» Stored data:
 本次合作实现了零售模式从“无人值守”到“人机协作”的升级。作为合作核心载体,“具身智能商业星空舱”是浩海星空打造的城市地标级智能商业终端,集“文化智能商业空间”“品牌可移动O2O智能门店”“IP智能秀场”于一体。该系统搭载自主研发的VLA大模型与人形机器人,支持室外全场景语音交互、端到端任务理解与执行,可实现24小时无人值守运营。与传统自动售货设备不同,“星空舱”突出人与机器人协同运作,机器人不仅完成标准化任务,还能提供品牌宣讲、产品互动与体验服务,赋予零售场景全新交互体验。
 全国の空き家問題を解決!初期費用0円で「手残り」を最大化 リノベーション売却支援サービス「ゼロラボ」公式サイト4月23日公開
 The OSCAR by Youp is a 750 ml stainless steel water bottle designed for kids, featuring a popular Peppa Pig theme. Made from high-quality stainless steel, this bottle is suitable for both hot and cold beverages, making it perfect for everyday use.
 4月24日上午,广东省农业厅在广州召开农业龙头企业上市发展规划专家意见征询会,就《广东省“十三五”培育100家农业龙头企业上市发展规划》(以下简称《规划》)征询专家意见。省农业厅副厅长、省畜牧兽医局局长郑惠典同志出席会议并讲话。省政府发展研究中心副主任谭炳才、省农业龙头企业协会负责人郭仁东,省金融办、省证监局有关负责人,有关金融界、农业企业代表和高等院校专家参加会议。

---

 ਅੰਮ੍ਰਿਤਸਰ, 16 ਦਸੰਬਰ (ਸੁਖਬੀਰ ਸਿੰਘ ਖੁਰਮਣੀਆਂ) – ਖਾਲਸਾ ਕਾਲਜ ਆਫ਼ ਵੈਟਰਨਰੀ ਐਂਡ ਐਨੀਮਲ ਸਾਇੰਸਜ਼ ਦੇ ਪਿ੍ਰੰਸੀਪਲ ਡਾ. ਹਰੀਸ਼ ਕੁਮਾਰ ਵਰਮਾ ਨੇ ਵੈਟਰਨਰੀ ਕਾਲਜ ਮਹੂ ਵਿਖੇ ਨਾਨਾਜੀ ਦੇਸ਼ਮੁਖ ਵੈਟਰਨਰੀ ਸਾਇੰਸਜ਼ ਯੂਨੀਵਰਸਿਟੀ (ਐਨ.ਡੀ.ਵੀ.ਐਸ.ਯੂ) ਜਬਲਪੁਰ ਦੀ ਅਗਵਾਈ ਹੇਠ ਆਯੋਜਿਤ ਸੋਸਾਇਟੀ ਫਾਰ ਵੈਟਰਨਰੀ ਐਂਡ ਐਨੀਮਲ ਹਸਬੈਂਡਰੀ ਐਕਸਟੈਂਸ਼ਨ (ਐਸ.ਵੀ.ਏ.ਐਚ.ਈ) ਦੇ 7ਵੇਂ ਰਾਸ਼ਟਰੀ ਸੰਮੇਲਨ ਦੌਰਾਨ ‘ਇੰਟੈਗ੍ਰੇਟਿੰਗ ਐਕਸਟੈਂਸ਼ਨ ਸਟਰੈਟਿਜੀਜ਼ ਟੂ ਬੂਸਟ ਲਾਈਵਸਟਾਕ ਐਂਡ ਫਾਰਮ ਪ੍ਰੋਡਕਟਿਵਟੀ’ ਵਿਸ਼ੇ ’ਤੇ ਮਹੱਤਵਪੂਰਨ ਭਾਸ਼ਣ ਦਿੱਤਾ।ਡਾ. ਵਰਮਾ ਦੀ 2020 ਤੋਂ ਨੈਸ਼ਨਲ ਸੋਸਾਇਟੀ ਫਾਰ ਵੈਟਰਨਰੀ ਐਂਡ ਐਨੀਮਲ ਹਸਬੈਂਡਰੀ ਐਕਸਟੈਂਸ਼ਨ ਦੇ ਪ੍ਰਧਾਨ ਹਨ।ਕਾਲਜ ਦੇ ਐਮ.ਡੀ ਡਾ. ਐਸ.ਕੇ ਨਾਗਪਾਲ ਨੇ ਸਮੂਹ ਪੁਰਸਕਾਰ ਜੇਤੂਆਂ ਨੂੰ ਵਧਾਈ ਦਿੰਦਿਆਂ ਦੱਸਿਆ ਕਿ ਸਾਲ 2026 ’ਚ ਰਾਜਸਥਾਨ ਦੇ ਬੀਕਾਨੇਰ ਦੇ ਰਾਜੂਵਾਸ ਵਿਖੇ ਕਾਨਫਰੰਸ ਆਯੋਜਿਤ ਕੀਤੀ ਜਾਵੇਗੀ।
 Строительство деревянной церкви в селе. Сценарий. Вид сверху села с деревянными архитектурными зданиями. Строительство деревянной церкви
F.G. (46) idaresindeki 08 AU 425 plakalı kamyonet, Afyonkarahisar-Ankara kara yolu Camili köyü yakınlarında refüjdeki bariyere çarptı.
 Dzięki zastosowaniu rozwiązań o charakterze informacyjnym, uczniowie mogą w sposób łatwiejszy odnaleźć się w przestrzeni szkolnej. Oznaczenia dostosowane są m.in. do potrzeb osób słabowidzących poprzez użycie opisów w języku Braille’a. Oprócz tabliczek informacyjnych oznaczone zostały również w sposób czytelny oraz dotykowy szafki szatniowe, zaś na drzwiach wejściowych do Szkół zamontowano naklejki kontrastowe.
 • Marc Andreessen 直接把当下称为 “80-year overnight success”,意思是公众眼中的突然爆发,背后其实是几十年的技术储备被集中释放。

» Exercise description: Within the listing above, give again exactly every line from the line with "Dzięki zastosowaniu rozwiązań" through the line with "Marc Andreessen 直接把当下称为", both included, and no other line.

» Result for this exercise:
 Dzięki zastosowaniu rozwiązań o charakterze informacyjnym, uczniowie mogą w sposób łatwiejszy odnaleźć się w przestrzeni szkolnej. Oznaczenia dostosowane są m.in. do potrzeb osób słabowidzących poprzez użycie opisów w języku Braille’a. Oprócz tabliczek informacyjnych oznaczone zostały również w sposób czytelny oraz dotykowy szafki szatniowe, zaś na drzwiach wejściowych do Szkół zamontowano naklejki kontrastowe.
 • Marc Andreessen 直接把当下称为 “80-year overnight success”,意思是公众眼中的突然爆发,背后其实是几十年的技术储备被集中释放。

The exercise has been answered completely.